Kafka supports GZIP, Snappy, LZ4 and ZStandard compression protocols.
More details on compression can be found
here.
The Producer
Load Balancing
The producer sends data directly to the broker that is the leader for
the partition without any intervening routing tier. To help the producer
do this all Kafka nodes can answer a request for metadata about which
servers are alive and where the leaders for the partitions of a topic
are at any given time to allow the producer to appropriately direct its
requests.
The client controls which partition it publishes messages to. This can
be done at random, implementing a kind of random load balancing, or it
can be done by some semantic partitioning function. We expose the
interface for semantic partitioning by allowing the user to specify a
key to partition by and using this to hash to a partition (there is also
an option to override the partition function if need be). For example if
the key chosen was a user id then all data for a given user would be
sent to the same partition. This in turn will allow consumers to make
locality assumptions about their consumption. This style of partitioning
is explicitly designed to allow locality-sensitive processing in
consumers.
Asynchronous Send
Batching is one of the big drivers of efficiency, and to enable batching
the Kafka producer will attempt to accumulate data in memory and to send
out larger batches in a single request. The batching can be configured
to accumulate no more than a fixed number of messages and to wait no
longer than some fixed latency bound (say 64k or 10 ms). This allows the
accumulation of more bytes to send, and few larger I/O operations on the
servers. This buffering is configurable and gives a mechanism to trade
off a small amount of additional latency for better throughput.
Details on configuration and the
api
for the producer can be found elsewhere in the documentation.
The Consumer
The Kafka consumer works by issuing “fetch” requests to the brokers
leading the partitions it wants to consume. The consumer specifies its
offset in the log with each request and receives back a chunk of log
beginning from that position. The consumer thus has significant control
over this position and can rewind it to re-consume data if need be.
Push vs. Pull
An initial question we considered is whether consumers should pull data
from brokers or brokers should push data to the consumer. In this
respect Kafka follows a more traditional design, shared by most
messaging systems, where data is pushed to the broker from the producer
and pulled from the broker by the consumer. Some logging-centric
systems, such as Scribe and
Apache Flume, follow a very different
push-based path where data is pushed downstream. There are pros and cons
to both approaches. However, a push-based system has difficulty dealing
with diverse consumers as the broker controls the rate at which data is
transferred. The goal is generally for the consumer to be able to
consume at the maximum possible rate; unfortunately, in a push system
this means the consumer tends to be overwhelmed when its rate of
consumption falls below the rate of production (a denial of service
attack, in essence). A pull-based system has the nicer property that the
consumer simply falls behind and catches up when it can. This can be
mitigated with some kind of backoff protocol by which the consumer can
indicate it is overwhelmed, but getting the rate of transfer to fully
utilize (but never over-utilize) the consumer is trickier than it seems.

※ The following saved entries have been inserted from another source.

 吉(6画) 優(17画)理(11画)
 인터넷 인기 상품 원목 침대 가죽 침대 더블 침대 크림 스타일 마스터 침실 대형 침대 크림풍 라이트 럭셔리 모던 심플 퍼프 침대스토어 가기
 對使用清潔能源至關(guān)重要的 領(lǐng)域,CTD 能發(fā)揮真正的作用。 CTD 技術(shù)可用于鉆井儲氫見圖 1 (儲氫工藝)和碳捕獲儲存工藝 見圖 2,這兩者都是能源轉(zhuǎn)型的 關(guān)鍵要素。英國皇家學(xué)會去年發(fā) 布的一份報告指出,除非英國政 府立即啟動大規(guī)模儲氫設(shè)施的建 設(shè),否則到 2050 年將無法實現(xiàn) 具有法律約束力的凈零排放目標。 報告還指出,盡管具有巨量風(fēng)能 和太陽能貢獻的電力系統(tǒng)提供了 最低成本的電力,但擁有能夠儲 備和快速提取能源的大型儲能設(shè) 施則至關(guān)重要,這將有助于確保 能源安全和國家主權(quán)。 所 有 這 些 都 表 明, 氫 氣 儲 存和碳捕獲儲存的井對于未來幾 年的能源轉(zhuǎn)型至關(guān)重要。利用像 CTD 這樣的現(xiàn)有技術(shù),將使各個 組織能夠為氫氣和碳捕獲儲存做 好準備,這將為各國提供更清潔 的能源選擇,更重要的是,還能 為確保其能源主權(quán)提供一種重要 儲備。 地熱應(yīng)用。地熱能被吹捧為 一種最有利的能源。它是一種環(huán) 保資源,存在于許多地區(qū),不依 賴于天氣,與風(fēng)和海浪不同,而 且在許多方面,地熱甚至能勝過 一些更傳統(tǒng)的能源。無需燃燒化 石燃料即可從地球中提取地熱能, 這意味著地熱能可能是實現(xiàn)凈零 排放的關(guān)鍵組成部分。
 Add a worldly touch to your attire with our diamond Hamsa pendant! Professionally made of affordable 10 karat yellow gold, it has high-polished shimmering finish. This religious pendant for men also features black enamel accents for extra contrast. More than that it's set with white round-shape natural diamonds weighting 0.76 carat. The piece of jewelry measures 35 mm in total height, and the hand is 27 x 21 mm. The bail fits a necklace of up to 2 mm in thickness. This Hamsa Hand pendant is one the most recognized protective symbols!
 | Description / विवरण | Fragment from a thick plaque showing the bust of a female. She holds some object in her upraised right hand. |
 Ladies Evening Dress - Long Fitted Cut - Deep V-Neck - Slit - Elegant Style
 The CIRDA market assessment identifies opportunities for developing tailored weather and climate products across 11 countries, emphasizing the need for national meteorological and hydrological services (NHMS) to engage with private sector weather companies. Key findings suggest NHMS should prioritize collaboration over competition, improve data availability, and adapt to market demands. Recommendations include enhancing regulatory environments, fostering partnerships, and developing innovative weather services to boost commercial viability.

Previous attempts at building systems in this fashion led us to go with
a more traditional pull model.
Another advantage of a pull-based system is that it lends itself to
aggressive batching of data sent to the consumer. A push-based system
must choose to either send a request immediately or accumulate more data
and then send it later without knowledge of whether the downstream
consumer will be able to immediately process it. If tuned for low
latency, this will result in sending a single message at a time only for
the transfer to end up being buffered anyway, which is wasteful. A
pull-based design fixes this as the consumer always pulls all available
messages after its current position in the log (or up to some
configurable max size). So one gets optimal batching without introducing
unnecessary latency.
The deficiency of a naive pull-based system is that if the broker has no
data the consumer may end up polling in a tight loop, effectively
busy-waiting for data to arrive. To avoid this we have parameters in our
pull request that allow the consumer request to block in a “long poll”
waiting until data arrives (and optionally waiting until a given number
of bytes is available to ensure large transfer sizes).
You could imagine other possible designs which would be only pull,
end-to-end. The producer would locally write to a local log, and brokers
would pull from that with consumers pulling from them. A similar type of
“store-and-forward” producer is often proposed. This is intriguing but
we felt not very suitable for our target use cases which have thousands
of producers. Our experience running persistent data systems at scale
led us to feel that involving thousands of disks in the system across
many applications would not actually make things more reliable and would
be a nightmare to operate. And in practice we have found that we can run
a pipeline with strong SLAs at large scale without a need for producer
persistence.
Consumer Position
Keeping track of what has been consumed is, surprisingly, one of the
key performance points of a messaging system.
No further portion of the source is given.